First, I want to welcome to the forum and you truly have found a healing place with people who talk your language regarding severe prolonged abuse. Now, please @OneToughCookie I don't understand your question? Or maybe I do and I'm only a tab bit more inquisitive here...for to my knowledge and someone please correct me if I've missed something as I am trying to go through the healing process myself...I didn't know I could reverse the extremely near deadly effects of severe prolonged abuse simply be trying to learn how to be excessively nice to myself? What? And for that matter I also did not know that prolonged complex post-traumatic stress disorder (my diagnosis) could be reversed using any type of therapeutic methodology...that it's treatable but not curable...that's what I've been taught and also I believe.

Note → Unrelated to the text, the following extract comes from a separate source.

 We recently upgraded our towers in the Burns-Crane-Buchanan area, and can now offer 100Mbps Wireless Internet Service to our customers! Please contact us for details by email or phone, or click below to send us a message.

Reversing the messages...I don't know about reversing them??? However, most members here in forum are learning every day by using many various proven effective methods how not to allow the negative messages to run our lives, and there are amazing coping skills, and various therapy modalities being utilized. However, I wonder do you have a therapist? And if so, what does your therapist say to your question about how to reverse(?) and heal from the devastating abuse you've evidently endured and survived to tell in here? So glad you found us. As @ladee says: gentle hugs if you accept. (hugs)
 
Thankfully, my boyfriend is amazing and treats me wonderfully. Still, on my bad days I can be really mean to myself and hate myself. I've been with him a year, and have only just begun internalizing the messages. I think my beliefs would change much more quickly if I weren't undoing his positive messages with negative ones. I have often basic difficulty being nice to myself internally, so I'm just trying to figure out how to do that.

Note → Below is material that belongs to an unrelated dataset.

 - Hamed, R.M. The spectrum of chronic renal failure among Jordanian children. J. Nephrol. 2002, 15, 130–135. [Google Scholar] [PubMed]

I don't mean reverse in that sense. Right now, my mind is still sustaining negative attacks and after-effects of abuse. Yesterday I was just diagnosed with a new autoimmune disorder. It's like my body understands that I've been rejected and rejects me itself. My belief is that if I am very kind to myself, that will yield a protective measure and slow and/or lessen the progress of the effects, just as social support does. My guess is that of two people suffering abuse, the one that is kind to themselves will be slightly less likely to get x condition later in life. They will more quickly be able to lose their negative beliefs about themselves and form positive ones, and to mitigate the effects of abuse on their life as much as possible in other ways. I don't want to merely cope with negative messages. I want to give myself so many positive messages that they become what I believe. I do have a therapist. We're working on some more pressing issues right now, which is why I asked here.

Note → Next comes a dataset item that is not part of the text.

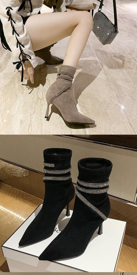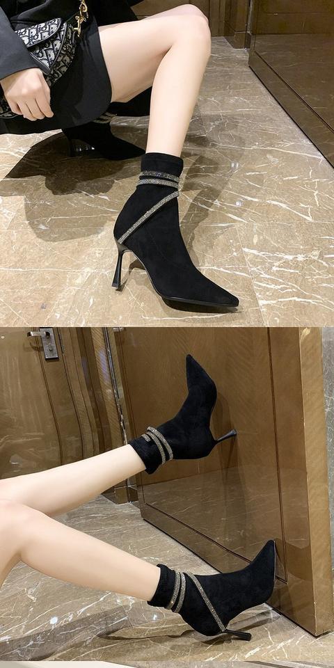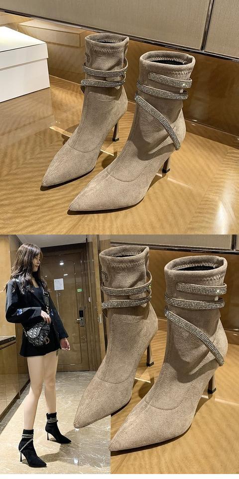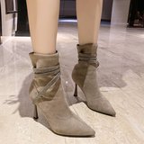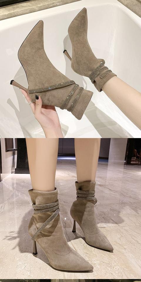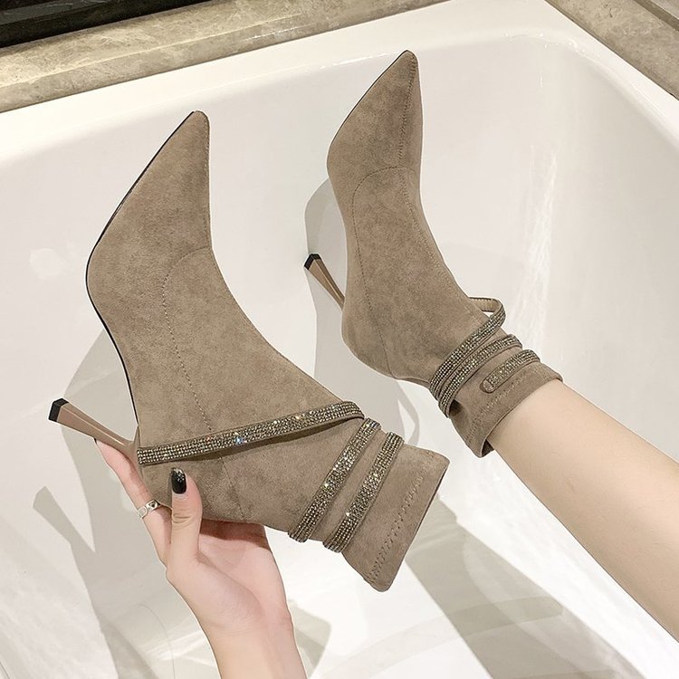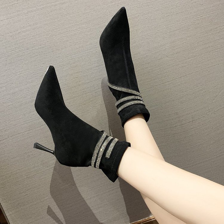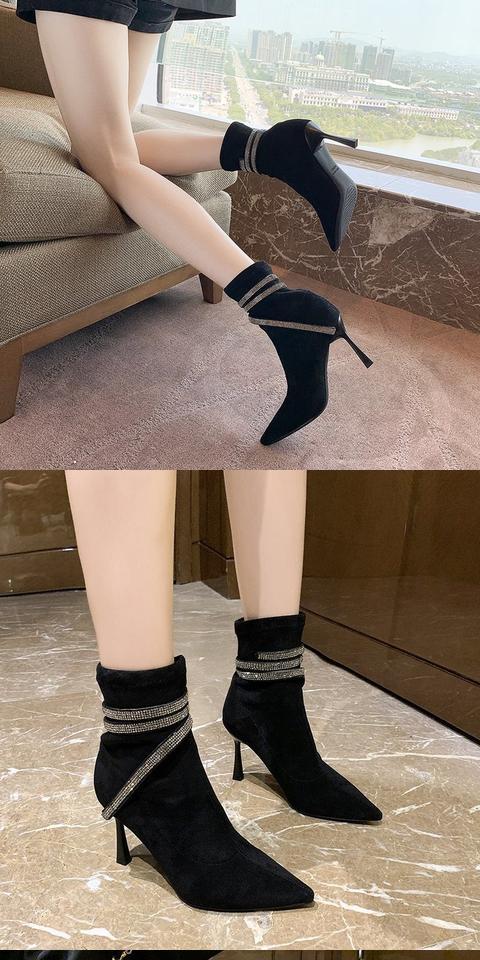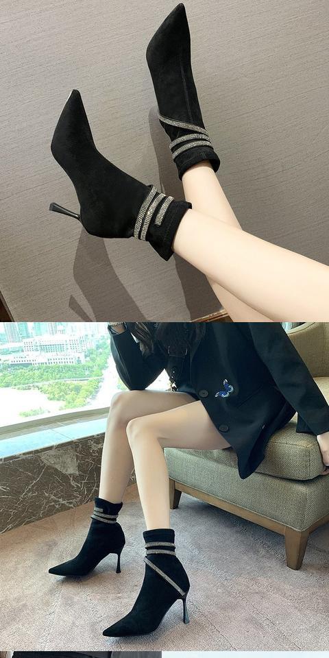 Martens, эластичная демисезонная сексуальная обувь с заостренным носом на высоком каблуке, короткие сапоги, французский стиль, по фигуре

I am mindful of how I treat my body, but I am not kind to it. Right now, I have a ton of pain in my wrist, and yet am typing away, ignoring it. It doesn't seem important to me. Any idea of what might make me believe it's more important/ that I should care about my pain?
 
Any idea of what might make me believe it's more important/ that I should care about my pain?
I think it's less important that you believe, and more important that you just make different choices about your behaviors. If you habitually ignore pain, then paying attention to it is going to seem 'wrong' for awhile. Your thoughts and feelings can (and will) adjust to changes in your behavior. If you wait for it to feel right, or to believe it, then you will be waiting a long time.
 
The way I try to counter negative thoughts about myself is to concentrate on the opposite.
Often my lack of self-love is in neglect and ignoring my needs, repeatedly until I have no choice but to fix the problem coming from that. So in good times I try to recognize those needs and make fitting solution.

Like now- I need a pet, but can't have a pet- I found a cat cafe in my city where I can't hang out a bit.
Another way to self- care is learning coping skills on good days so eventually I can apply them on bad days. Like carrying an anxiety kits with me. Mp3 with music, scents I like, meds, something sweet to eat...Last one being really important as I tend to get more anxious when I'm outside and tired or hungry...Sometimes that leads to eating whatever just to calm down...But when I have already gotten something like a power bar with me, it's nice because it saves time, plus I know I've done it out of desire to self-care, which also helps in calming down.
The worst times when I have a huge PTSD-triggers-anxiety waves week, I usually recognize that I'll have less time and less energy so I take care of myself in things like perhaps taking taxi, or buying half-ready food. I don't really have beauty routine, but I recently figured out the exact issues I have and the next thing I want to do is make a morning routine that I do, and make it into a habit like making coffee, so no matter how I feel that morning I still do it.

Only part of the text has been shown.